When you’ve been in some kind of Jesus Job for a while, you get a lot of the same questions asked over and over. Friends, family members, and strangers over Instagram want to pick your brain on various aspects of the Gospel that you may or may not be qualified to answer. But overwhelmingly, I can tell you the number one question I get.
“My (friend, cousin, college roommate) is living in sin (contraception, sexual immorality, just generally being a jackass). I want to keep them in my life. I don’t want to judge them, but I want them to go to Heaven. How can I love them? What do I DO?”
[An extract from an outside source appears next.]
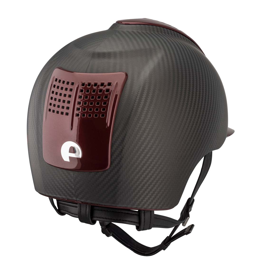 CASCO E-LIGHT CARBONO NEGRO MATE CON VISERA METALIZADA BURDEOS Y 2 INSERCIONES METALIZADAS BURDEOS
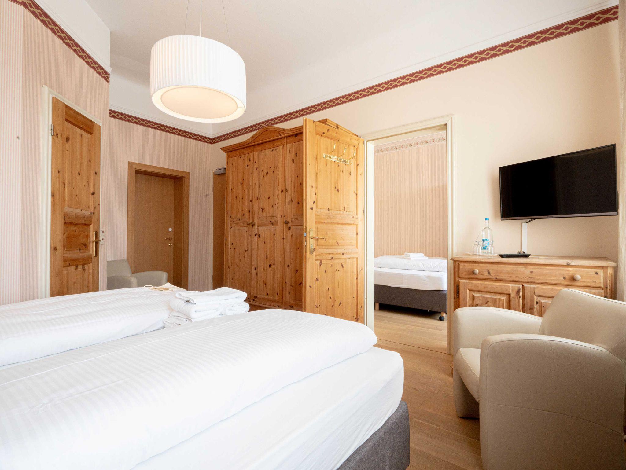 Unser Familienzimmer besteht aus einem Raum mit einem Doppelbett, einem weiteren Raum mit einem Einzelbett.

It’s a perfectly understandable question. Our modern culture has opened the door to interactions with people we’d never have been surrounded by in centuries past. We’re exposed to opinions of every spectrum and color and weight; if I write something on the internet someone hates they can fire off a pissy tweet and get it in front of my eyeballs in three minutes. My friends are a diverse group of thought and belief instead of my fellow farmers or Catholics or family members. And my life has moved much farther up the Maslow pyramid from need for survival than ever before. I have the time to care, in a way the people of 1675 just…didn’t.
And when you know something, like that loving God is the path to eternal joy, you do want others to know it too. You’ve found a freedom in the yoke of Jesus and you want everyone to experience it. That’s good. In fact, I think that’s Truth. If your heart is truly seeking Jesus, you must want to evangelize. Loving Jesus does not mean keeping Jesus for yourself.
But we also are rightfully wary of being…you know. That Friend. The one who looks down on people who act differently from them and walks around with a hoity-toity biblical answer for all of life’s questions. We’re aware that Jesus isn’t a drug to be pushed but a relationship to be invited into, and that line can seem awfully tricky to dance on.
And when you aren’t comfortable sharing your faith, it begins to feel like you’re walking through life without anybody really knowing you. When a friend casually mentions things that go against your deeply held beliefs or even invites you to partake in them. The day the Dobbs decision was announced I had multiple friends flooding my texts, telling me about how odd it was to be at work. Coworkers were bemoaning that the death of innocents was no longer constitutionally protected, and what do you do, exactly? Do you say something? Do you smile and nod? You have a job, you have health insurance, you have children to provide for, and also, you don’t want to seem like a jerk. You don’t want to be a jerk.